We would need to add a dimension.
There are several packages that can be used to create a 3D scatterplot:
scatterplot3d
: http://www.sthda.com/english/wiki/scatterplot3d-3d-graphics-r-software-and-data-visualization
scatter3d
in the car
package: http://www.sthda.com/english/wiki/amazing-interactive-3d-scatter-plots-r-software-and-data-visualization
‘plot3D’
## SCATTERPLOT3D
#install.packages("scatterplot3d") # Install
library("scatterplot3d")
s3d<-scatterplot3d(insurance$bmi, insurance$age, insurance$charges)
\[Y_i=\beta_0+\beta_1 X_{i,1}+\beta_2 X_{i,2}\] In this MLR model we have two different slope coefficients. The slope related to the first feature, \(X_1\), is \(\beta_1\) and the slope related to the second feature, \(X_2\), is \(\beta_2\).

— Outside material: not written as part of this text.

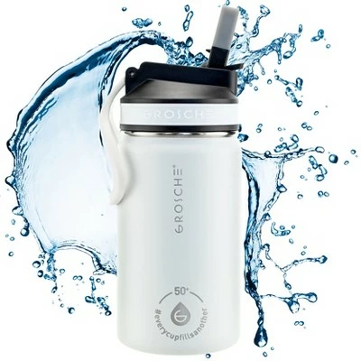 The Lil Chill by GROSCHE is a BPA free, insulated kids water bottle made with durable 18/8 stainless steel that’s built tough to handle day to day use and perfect for the playground. The Lil Chill has a double-walled vacuum insulated stainless steel body that will keep your childs beverages cold for up to 24 hours. It also has a leak proof sippy flip lid that kids can easily handle. Simply flip up the lid to drink, and flip it down to seal up the flask.These kid approved bottles are great for at home, school or on the go with the flexible silicone handle and straw. The easy-to-use sippy lid can flip open and closed to avoid messy leaks, and can be used with or without the internal straw, depending on your preference! The Lil Chill has a 12 fl. Oz capacity which is enough for your kids to stay hydrated without making it too heavy to handle or carry. The convenient size fits in most backpacks and lunch boxes easily. The fun and bright colors make these pleasing to the eye, yet classic and bold with their durable powder coated paint finish.Every time you buy a GROSCHE product you are providing 50+ days of safe water to someone in need with purchase. Each Lil Chill kids water bottle is engraved with the 50+ days of safe water emblem to affirm the change that you’ve made in someone’s life by choosing GROSCHE. You can also use this 12 fl. oz insulated stainless steel water bottle for milk, juice or any other cold beverage of choice. They are BPA and lead free, and hand washing is recommended. GROSCHE is a social enterprise and a certified Benefit corporation on a mission to help those without safe water, and funds its efforts with the sale of its coffee, tea, and hydration products. It makes a great gift idea as well – Its the gift that gives back.

We interpret these slopes, \(\beta_j\) as the average amount of change in the response for a one unit change in the \(X_j\) direction, on average.
mod4<-lm(charges~bmi+age, data=insurance)
summary(mod4)
##
## Call:
## lm(formula = charges ~ bmi + age, data = insurance)
##
## Residuals:
## Min 1Q Median 3Q Max
## -15200 -7211 -5238 7503 48012
##
## Coefficients:
## Estimate Std. Error t value Pr(>|t|)
## (Intercept) -5349.72 2156.51 -2.481 0.0133 *
## bmi 335.27 62.49 5.365 1.02e-07 ***
## age 216.70 27.63 7.842 1.21e-14 ***
## ---
## Signif. codes: 0 '***' 0.001 '**' 0.01 '*' 0.05 '.' 0.1 ' ' 1
##
## Residual standard error: 11670 on 934 degrees of freedom
## Multiple R-squared: 0.09588, Adjusted R-squared: 0.09394
## F-statistic: 49.52 on 2 and 934 DF, p-value: < 2.2e-16
scatterplot3d(insurance$bmi, insurance$age, insurance$charges, pch=16)
# Add regression plane
s3d$plane3d(mod4)
Her’s another example
#install.packages(c("plot3D", "magrittr"))
library(plot3D)
## Warning in fun(libname, pkgname): couldn't connect to display ":0"
library(magrittr)
##
## Attaching package: 'magrittr'
## The following object is masked from 'package:purrr':
##
## set_names
## The following object is masked from 'package:tidyr':
##
## extract
insurance%$%
scatter3D(bmi, age, charges, theta=30, phi=10)
mod5<-lm(charges~bmi*smoker*age, data=insurance)
summary(mod5)
##
## Call:
## lm(formula = charges ~ bmi * smoker * age, data = insurance)
##
## Residuals:
## Min 1Q Median 3Q Max
## -12023.5 -1966.2 -1254.6 -268.1 29428.6
##
## Coefficients:
## Estimate Std. Error t value Pr(>|t|)
## (Intercept) -1.633e+03 2.797e+03 -0.584 0.559531
## bmi -3.305e+00 8.947e+01 -0.037 0.970538
## smokeryes -1.034e+04 5.919e+03 -1.746 0.081130 .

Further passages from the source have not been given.